Pulling back, he meets my gaze, hesitating for an instant. Then, one arm wraps around my neck, while the other hand is pressed flat upon the centre of my chest, fingers splayed. “I want in.” Rough and demanding, his forceful whisper steals the air from my lungs. “I want to find all the dark places inside you that hurt, and I want to make them feel good for a while.”

My muscles lock up as reticence slams into me. I grab his hand to tear it from my chest, but then I don’t. My other hand lifts to capture his throat, but instead of shoving him away, I drag him closer. We stare at each other in silent battle. Bodies rigid and waiting.

My brain goes over his words, processing them, one by one. He didn’t say he wants to fix me or heal me, only make me feel good for a while. Somehow, a magnitude of difference lies in the phrasing. Because I can’t be fixed and I shouldn’t be allowed to heal. But the idea of feeling good for a while, before reverting to my necessary form, is something I can wrap my head around. Maybe I can have that much. Maybe it can be okay.

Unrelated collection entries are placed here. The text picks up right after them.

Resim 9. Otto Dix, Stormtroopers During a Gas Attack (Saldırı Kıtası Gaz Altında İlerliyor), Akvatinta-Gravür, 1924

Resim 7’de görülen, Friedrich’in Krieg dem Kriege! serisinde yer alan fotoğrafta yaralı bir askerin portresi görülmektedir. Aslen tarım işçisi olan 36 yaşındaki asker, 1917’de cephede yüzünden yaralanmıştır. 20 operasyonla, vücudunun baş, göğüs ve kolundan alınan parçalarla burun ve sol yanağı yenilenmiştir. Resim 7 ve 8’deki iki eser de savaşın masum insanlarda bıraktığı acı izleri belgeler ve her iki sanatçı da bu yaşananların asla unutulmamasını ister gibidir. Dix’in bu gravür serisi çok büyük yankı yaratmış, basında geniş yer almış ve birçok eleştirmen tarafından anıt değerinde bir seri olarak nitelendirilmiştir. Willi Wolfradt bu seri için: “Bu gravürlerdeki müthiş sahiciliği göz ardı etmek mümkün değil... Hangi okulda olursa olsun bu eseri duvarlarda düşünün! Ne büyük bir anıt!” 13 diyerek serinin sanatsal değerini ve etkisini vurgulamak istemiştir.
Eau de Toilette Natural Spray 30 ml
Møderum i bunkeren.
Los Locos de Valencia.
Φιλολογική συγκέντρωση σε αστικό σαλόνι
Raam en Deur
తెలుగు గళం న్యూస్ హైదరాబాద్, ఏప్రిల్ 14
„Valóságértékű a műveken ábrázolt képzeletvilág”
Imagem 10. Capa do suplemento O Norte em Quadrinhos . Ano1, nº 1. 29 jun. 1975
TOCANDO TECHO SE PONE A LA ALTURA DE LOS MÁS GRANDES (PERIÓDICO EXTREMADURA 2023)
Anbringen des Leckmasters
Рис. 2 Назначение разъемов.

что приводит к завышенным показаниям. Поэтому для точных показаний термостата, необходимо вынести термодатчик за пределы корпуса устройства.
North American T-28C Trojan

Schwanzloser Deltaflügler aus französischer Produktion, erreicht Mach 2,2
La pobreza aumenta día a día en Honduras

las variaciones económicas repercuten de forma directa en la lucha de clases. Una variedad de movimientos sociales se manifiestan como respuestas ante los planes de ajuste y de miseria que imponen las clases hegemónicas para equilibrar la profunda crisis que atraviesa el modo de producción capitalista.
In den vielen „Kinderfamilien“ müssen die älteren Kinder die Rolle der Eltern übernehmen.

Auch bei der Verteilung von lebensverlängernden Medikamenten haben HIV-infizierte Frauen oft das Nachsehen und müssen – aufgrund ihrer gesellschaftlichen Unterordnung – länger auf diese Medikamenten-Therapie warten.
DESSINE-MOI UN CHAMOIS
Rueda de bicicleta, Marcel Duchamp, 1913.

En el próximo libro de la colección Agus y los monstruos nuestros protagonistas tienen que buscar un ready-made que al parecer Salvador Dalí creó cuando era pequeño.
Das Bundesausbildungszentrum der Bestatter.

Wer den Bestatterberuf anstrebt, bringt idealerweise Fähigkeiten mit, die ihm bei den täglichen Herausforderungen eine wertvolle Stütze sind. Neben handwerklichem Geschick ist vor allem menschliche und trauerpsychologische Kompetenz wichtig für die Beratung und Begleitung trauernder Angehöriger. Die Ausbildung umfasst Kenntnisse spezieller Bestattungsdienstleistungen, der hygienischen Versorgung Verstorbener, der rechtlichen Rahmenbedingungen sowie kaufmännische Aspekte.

Releasing my grip, I take his head between my palms and rest my forehead against his. “Make me feel good, Sam,” I plead, my voice a rasping mess of need. “For a little while.”

A blinding smile breaks out on his face. “Gladly.”

I kiss him then. Deeply, desperately. It’s the first time I’ve truly initiated our kiss and I resolve not to hold back anymore. If he’s going to make me feel good, I’ll make damned sure I return the favour.

His hands rake over my back before sliding down to my arse. Tilting his pelvis, he rubs the hardness of his cock against mine, the friction frustrated by the layers of clothing still separating us. A strangled moan falls from my lips and I bury my face in the curve of his neck. “Fuck.”

His low chuckle sends shivers through me. “We’ll get to that.”

“Faster,” I growl before thrusting my tongue into his mouth to capture his groan of surprise. Goddamn, the things his voice does to me.

Sam’s feet move and I follow his lead as he guides me towards the bed. When the back of my thighs touch the mattress, he wrenches his mouth from mine. “Lie down.”

I comply, and the excitement evident on his face sparks pleasure deep inside me. He lifts a knee onto the mattress and reaches out to undo my belt buckle. Pausing, he waggles his eyebrows at me. “This part is a favourite of mine.” He pulls hard on my belt, yanking the long strip of leather free from my waist in one smooth glide. Then he folds the belt in half and pulls it taut with a loud snap.